Это важная вообще тема и в моей в том числе жизни, и в жизни паствы, которая меня окружает — умение простить, принять человека. Наверное, тема прощения связана с тем, что мы даем человеку быть самим собой. Вот мы себе позволяем быть тем, кто мы хотим. Но если мы себе позволяем, то нужно позволять и другим людям тоже быть тем, кем они считают нужным. Если мы отказываемся простить человека, то мы отказываемся, скажем так, утвердить его личность, что он, личность, имеет право быть любым: имеет право иметь свое мнение, что-то принимать, что-то не принимать. Но она, личность, — это целый мир. Готов ли ты принимать? Ну конечно, ты должен принимать такого человека, даже если он тебе что-то сделал. И я стараюсь всегда переходить через эту грань, то есть никогда себе не ставить вот этот барьер. Если мне когда-то приходит обида на человека, я всегда это тяжело переживаю. И если это есть внутри, это может быть какая-то яркая вспышка, но через некоторое время это переобразовывается в какую-то настроенность, что ну зачем же, ну прими. Наверное, не было у меня таких серьезных эпизодов в жизни. Хотя я понимаю, что они могут быть, если человек убил твоего ребенка или кого-то твоего ближнего, пойди прости его. Как Елизавета Федоровна, например, пошла. И люди порой прощают, но они сталкиваются с тем, что они не могут его принять уже прежним, не могут его принять как человека.

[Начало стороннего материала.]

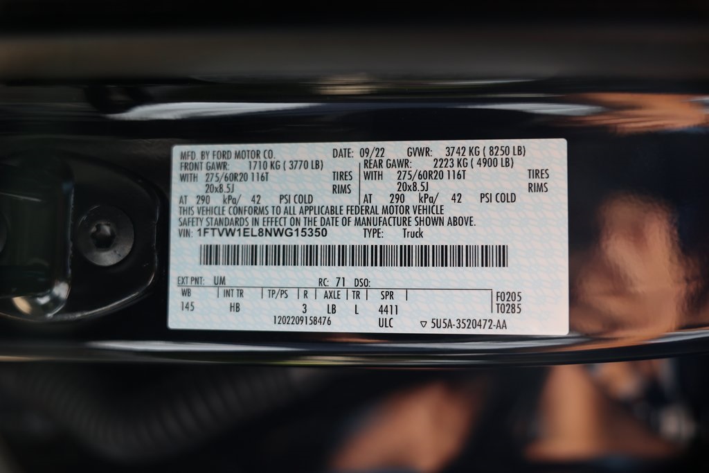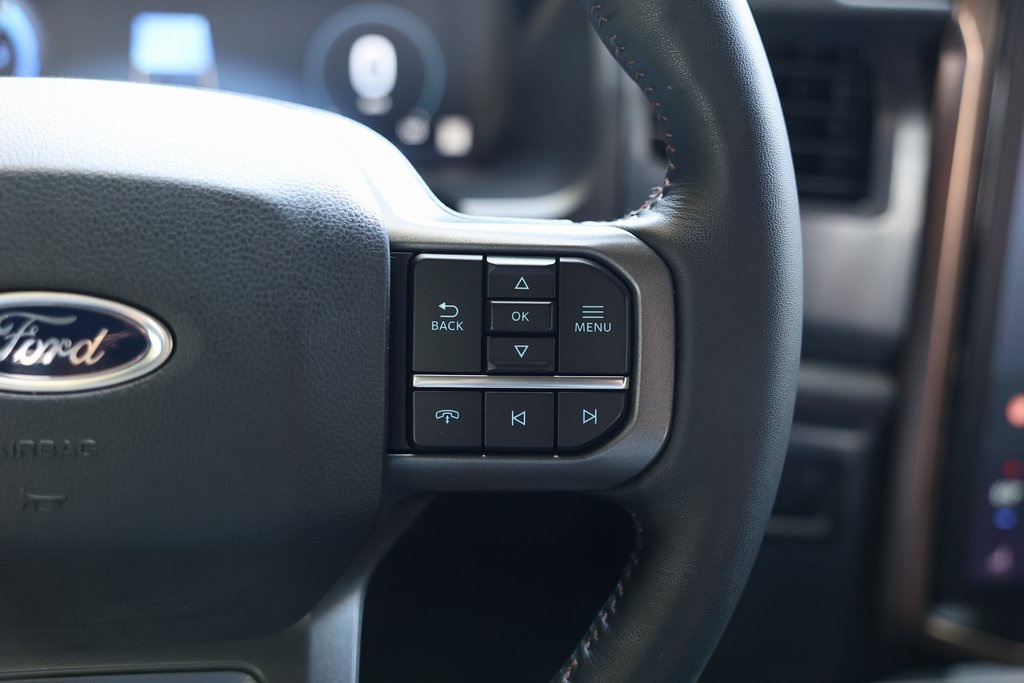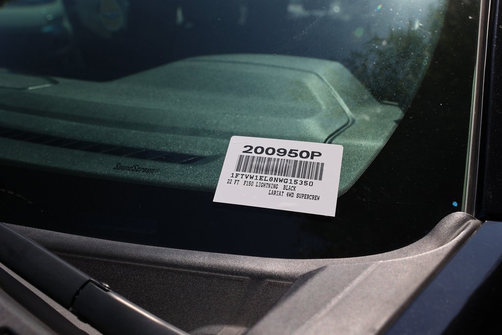 F-150 Lightning Lariat, 4D Crew Cab, Electric Motor, Single-Speed Automatic, AWD, ABS brakes, Active Cruise Control, Active Park Assist 2.0, Alloy wheels, BlueCruise, Compass, Electronic Stability Control, Equipment Group 510A Standard, Ford Co-Pilot360 Active 2.0, Forward Sensing System, Front dual zone A/C, Heated door mirrors, Heated front seats, Illuminated entry, Leather-Trimmed Heated & Ventilated Seats, Low tire pressure warning, Memory seat, Navigation System, Navigation system: Connected Navigation (3-year trial), Pedal memory, Radio: B&O Sound System by Bang & Olufsen, Remote keyless entry, SYNC 4A w/Enhanced Voice Recognition, Tough Bed Spray-In Bedliner, Traction control, Ventilated front seats.CARFAX One-Owner.
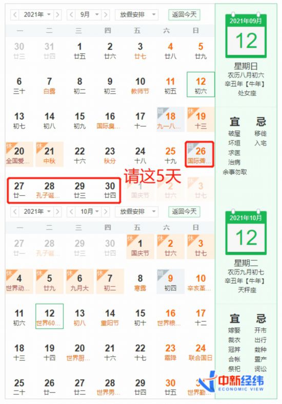 9月26日から30日に休暇った場(chǎng)合は9月25日(土曜日)と繋げれば、13連休になる。

Вот вопрос: это прощение или нет?
Мне кажется да, это прощение, если человек его прощает на уровне своей воли. Что вот, я от себя, что касается меня, я его прощаю. И если меня спросит Господь, что наказать его за то, что он тебе сделал, или простить, я скажу: простить. Ну, это для меня, что я уже его простил.
Не наказывать то есть.
Да, если человек попросит у меня там кусок хлеба или стакан воды, я ему дам. Но бывает — ну, я опять же говорю не про себя, а про человека, который действительно пережил очень тяжелую от другого, — что сердце не принимает, не раскрывается. И я считаю, что это не зависит от тебя, это уже некоторая чувственная сторона. Как ты можешь поменять чувство? Вот у тебя есть вот такое на него озлобление. Но ты его принимаешь. Если он придет к тебе, ты его примешь. А вот, именно раскрыться к нему тяжело. Но тут время, наверное, важно стоять на вот этой ступеньке, что ты его готов принять, готов вновь с ним общаться, что-то разделить. Не убивать в нем личность, не убивать в нем человека и видеть в нем потенциал. Когда мы сами делаем что-то плохое, мы видим в себе что-то лучше. Мы говорим: ну, на самом-то деле я не такой, я сейчас поступал, а у меня настроение было плохое, а в большинстве случаев я другой.
Вообще я хороший, да.
А человек, которого ты оскорбил, не знает, что ты в большинстве случаев бываешь другой, а для него ты сейчас весь себя проявил, он понял, что ты другой. Но ты себя прощаешь. А вот другому дать возможность быть иным и видеть в нем что-то хорошее. Ну да, для меня такой важный момент, что человеку нужно всегда давать возможность проявлять себя, проявить свою личность.
Отче, но тут ведь встает вот эта вот, тоже хорошо известная в терминах именно христианского отношения к человеку, тема того, что мы должны любить грешника, но ненавидеть грех.
Да.
И многие скажут, что, когда они с праведным гневом обрушиваются на человека, они не мешают ему… не то что они не хотят ему позволить быть личностью, они осуждают его грех, продолжая его, так сказать, трепетно любить. Вот я, может быть, намеренно с такой некоторой говорю это иронией или даже отчасти с сарказмом, потому что здесь очень сложно ведь границу провести. Вот это, наверное, все-таки требование к христианину грех ненавидеть, оно как должно сочетаться с тем, о чем вы говорите? Оно должно делать невозможным для нас какое-то обличение? Или когда оно делает это обличение возможным или даже, может быть, неизбежным и необходимым? От чего это зависит? От того, вынул ли я бревно из собственного глаза? А если не вынул, я понимаю, что не вынул, значит, я в принципе не могу обличать плохие поступки другого? Или как это всё решается?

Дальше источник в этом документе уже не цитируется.